Auch Wolfgang Ilg ließ seine Kinder von Krasa porträtieren. «Wir bewunderten die Ernsthaftigkeit und Geduld, mit der sie an ihrer Aufgabe arbeitete», schrieb Ilg in seinem Buch über Hedi Krasa. Das Herzstück des Buchs sind die Porträts, die Krasa von den ansässigen Familien gemalt hat. Auch Bilder von Kostümentwürfen und Kunsthandwerk der österreichischen Künstlerin sind dort zu finden. «Eleganz, eine eigene verschlüsselte Lyrik und ein absolutes zeichnerisches Können sind in Hedis Arbeiten immer spürbar», so beschrieb Nena Ossa, Direktion des Museo Nacional de Bellas Artes in Santiago, die Kunst der Österreicherin. «Die Zeichungen Krasas demonstrieren sehr klar die Qualität, ihr besonderes Talent bei der Darstellung von Kleidern und ihre szenografische Auffassung von Illustrationsaufgaben», schrieb Moises Hasson in einem Blog über die Cover der Kinderbuchserie von Rapa Nui, die Krasa illustriert hatte. 

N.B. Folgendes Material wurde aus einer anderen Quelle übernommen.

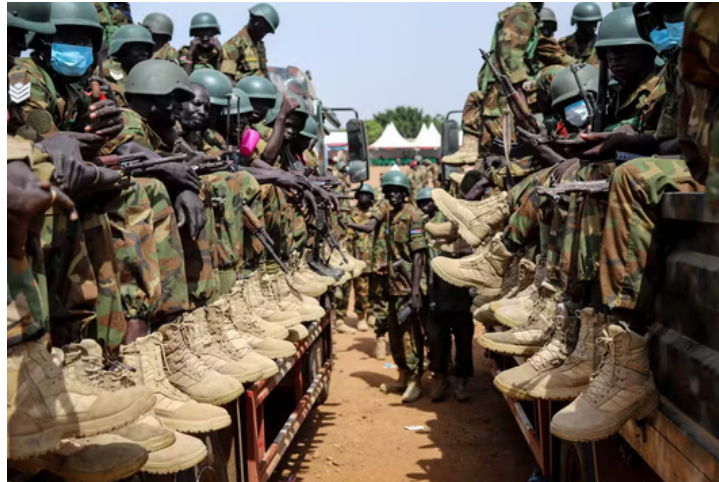
Soldados sudaneses

Num cenário internacional já marcado por múltiplas crises, a situação no Sudão do Sul constitui um teste crítico à eficácia dos esforços de construção da paz e à capacidade da comunidade internacional em prevenir conflitos. A escalada atual representa, assim, não apenas um desafio interno, mas também uma preocupação crescente para a segurança e estabilidade globais.
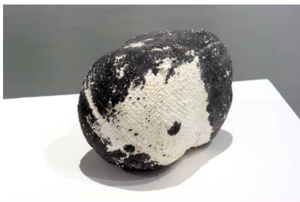
Patricia Dauder, Cap negre , 2003 Colección de arte contemporáneo del Ajuntament de Lleida

La misma artista ha elaborado una disposición para este conjunto de obras, que una vez situado y distribuido en el espacio expositivo, deja entrever lo que la artista denomina cadencias o ritmos: "lo que para mí es una cadencia de mayor o menor intensidad, se expresa por la materialidad o inmaterialidad, o por una presencia penetrante o por una ausencia, o por la dispersión, o por la nada. Se trata de conceptos duales que muy a menudo han acompañado mi obra".
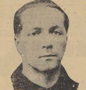
Guerrero ATLETISMO LA CARRERA INTERNA Y PASEO DEL ATLANTIDA

El cuadro del La Cruz visitante estará constituido en la siguiente forma:
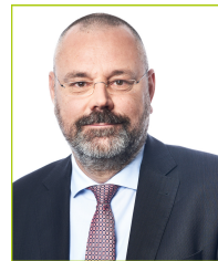
Ottmar Wernicke Haus & Grund Württemberg
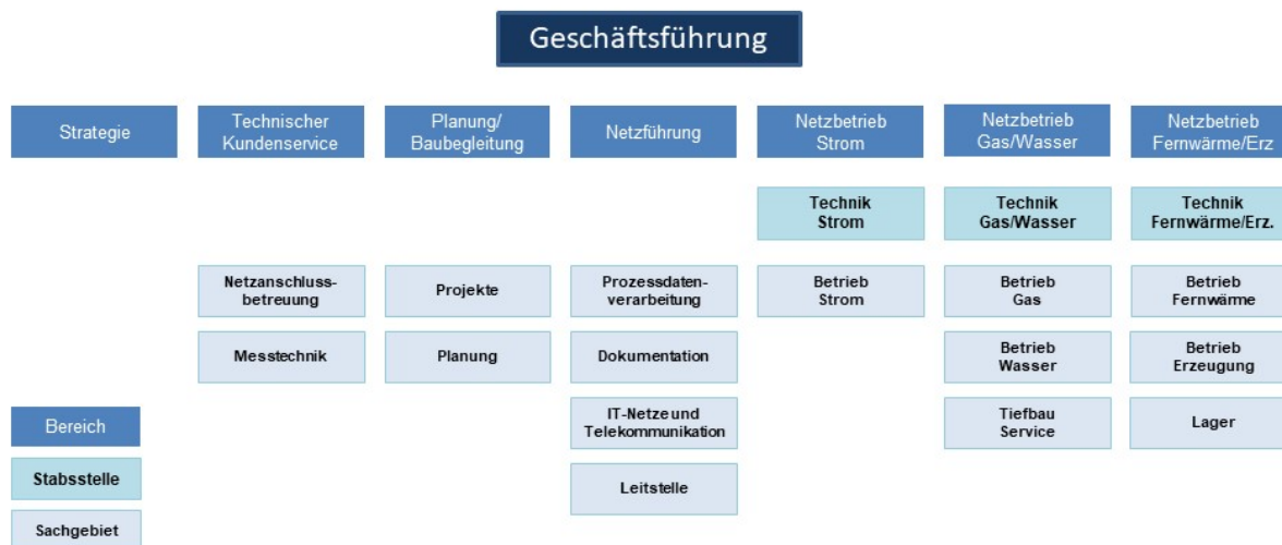
Abbildung 2 Organisation der Stadtwerke Jena Netze (Stand 31. Dezember 2021)

Die Aufgaben der Leitung und Letztentscheidung für die Stadtwerke Netze werden vollständig durch eigenes Personal erfüllt.
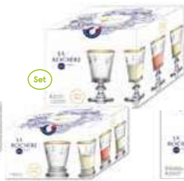
NEW Set de 4 gobelets bord or gold edition

6121 01S4 H : 10,3 / ø : 8,4 cm Cl : 26 / Oz : 9,2 240

Die Österreicherin und ihr Mann kehrten 1985 zurück nach Chile. Drei Jahre später fand in der Galería Praxis in Santiago die Ausstellung «Hedi Krasa – Retratos y Dibujos» (Porträts und Zeichnungen)  statt. Am 24. Oktober 1989 starb Hedi Krasa nach einer schweren Krebserkrankung. Edith del Campo Oviedo von der Universidad de Chile schrieb in einem Nachruf: «Hedi war eine Botschafterin für Schönheit.».